Wall Street Bets is a roundup of recent notes from analysts covering the gambling industry.
Will igaming be legalized in Virginia?
David Katz of Jefferies on February 22 wrote about state legislatures that are debating gaming regulation:
“States across the U.S are considering additional gaming legalization. Notable progress in Virginia (the Senate and the House have passed a bill) has drawn attention, given the recent capital spending in the state by Boyd, Churchill Downs, and Caesars. … The introduction of igaming is likely a near-term negative for land-based incumbents (GGR drops -3.5% on average in the year following implementation), but we flag that legalization is far from a guarantee in the state. Note that the Virginia governor (Abigail Spanberger) has publicly expressed her priority to create a gaming commission before progressing these bills. Our view remains that operators should include a defined igaming strategy to support a long-term growth pipeline.”
GLPI estimates on high end
Gaming and Leisure Properties was the subject of Truist Securities’ Barry Jonas’ analysis February 20:
“Q4 adjusted funds from operations beat our and the Streets estimates by +1% and GLPI introduced 2026 guidance which was also ahead of us/Street at the midpoint. The Twin River sale-leaseback has finally been completed, although at an adjusted purchase price of $700 million (previously $735 million) but the same cap rate. Looking ahead, GLPI maintains a solid pipeline of ~$1.9 billion in remaining commitments and could see increased deal flow especially if rates continue to trend lower. We flow through the beat and take our estimates to the high end of the range given GLPI’s historical conservatism and consistent execution. Reiterate our Buy rating and price target.”

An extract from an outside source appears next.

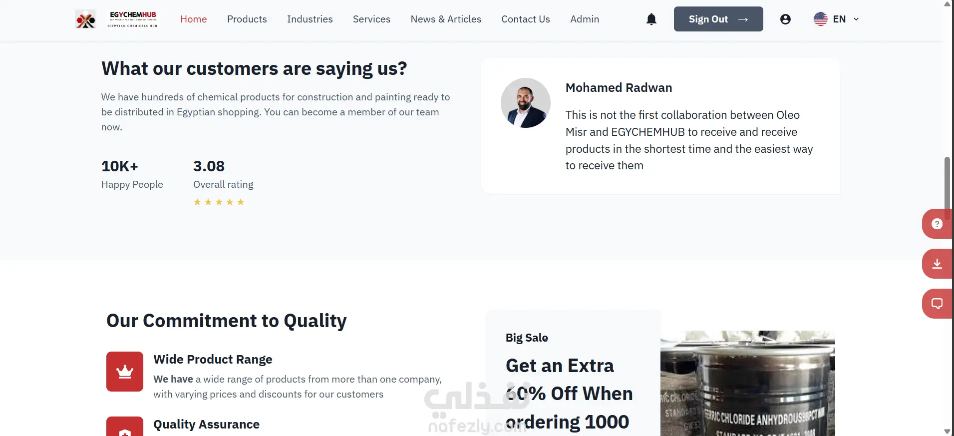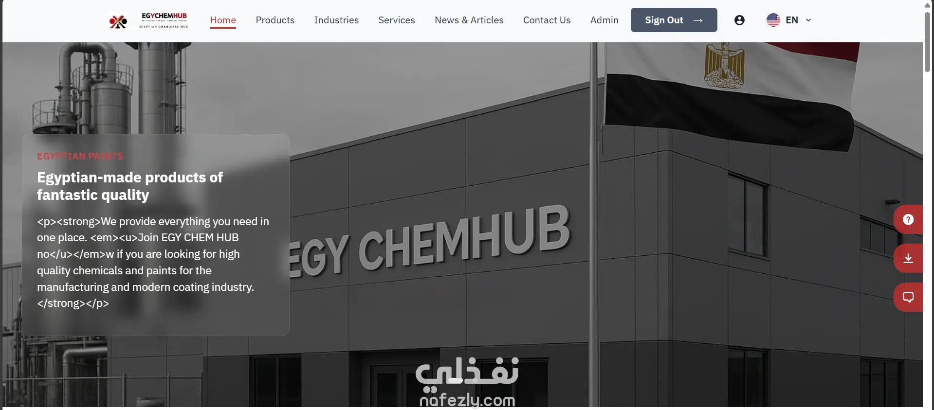 EGY CHEM HUB هو سوق إلكتروني يربط موردي المواد الكيميائية بالشركات في مصر والشرق الأوسط. يوفر أكثر من 1000 منتج كيميائي عبر مختلف الصناعات، مما يتيح للشركات تصفح المنتجات، وطلب عينات، وإجراء طلبات بالجملة مع الحصول على خصومات. كما توفر المنصة معلومات تفصيلية عن المنتجات، وشهادات السلامة، وخدمات الشحن الدولي لتسهيل عمليات شراء المواد الكيميائية للشركات الصناعية.

Caesars EBITDAR might be profitable in 2026
Macquarie’s Chad Beynon on February 18 looked at Caesars’ fourth-quarter results.

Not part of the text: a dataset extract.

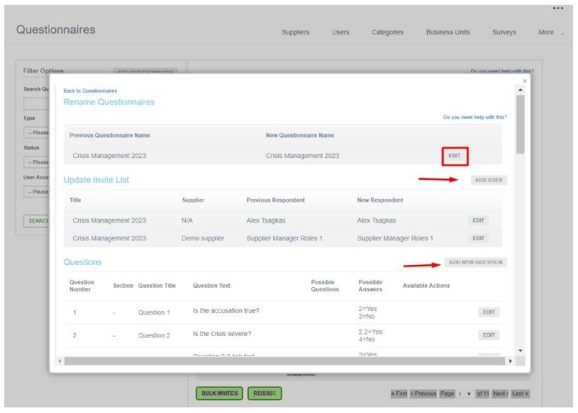 - Update the invite list by adding users or editing the ones that have already received the questionnaire

“Caesars’ 4Q EBITDAR of $901 million (+2% year-over-year) exceeded Virginia consensus by 1% with brick-and-mortar falling in-line, while digital beat by 11%. In Las Vegas, leisure trends continued to improve sequentially but remain soft on a year-over-year basis, which was partly offset by strong group/conventions (as expected). 4Q Las Vegas EBITDAR declined 7% year-over-year and management expects similar trends in 1Q but sees the segment returning to growth in 2Q (spurred by the State Farm conference) and potentially in 2H if the leisure consumer recovers.”

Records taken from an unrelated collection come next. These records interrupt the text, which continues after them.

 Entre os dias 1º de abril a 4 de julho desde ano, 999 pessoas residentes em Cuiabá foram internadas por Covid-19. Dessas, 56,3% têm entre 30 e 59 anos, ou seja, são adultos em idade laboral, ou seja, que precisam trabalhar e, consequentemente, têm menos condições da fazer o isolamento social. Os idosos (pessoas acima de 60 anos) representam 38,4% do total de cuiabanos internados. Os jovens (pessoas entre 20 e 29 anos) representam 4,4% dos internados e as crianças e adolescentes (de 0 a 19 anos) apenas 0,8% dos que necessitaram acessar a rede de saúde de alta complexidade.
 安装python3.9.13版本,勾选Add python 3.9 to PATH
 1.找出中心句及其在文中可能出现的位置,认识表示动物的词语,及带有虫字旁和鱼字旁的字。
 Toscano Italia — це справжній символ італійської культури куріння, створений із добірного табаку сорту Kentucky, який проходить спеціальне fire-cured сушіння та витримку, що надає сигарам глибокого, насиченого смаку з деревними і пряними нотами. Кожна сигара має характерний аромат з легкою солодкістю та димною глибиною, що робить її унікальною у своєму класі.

David Bain of Texas Capital Securities also looked at Caesars
“Overall, 2026E should mark Caesars’ first EBITDAR growth year since 2023 and we see 2026E Street estimates as ‘reasonable.’ We believe Caesars’ historic low valuation augments in 2026 driven by Las Vegas growth, continued regional stability/growth, significant digital growth and a lower interest rate environment. Despite few changes to our forecast, we lower our price target to $44 reflecting lower industry valuation multiples on digital, though digital valuations could revert higher over the intermediate-term, in our view.”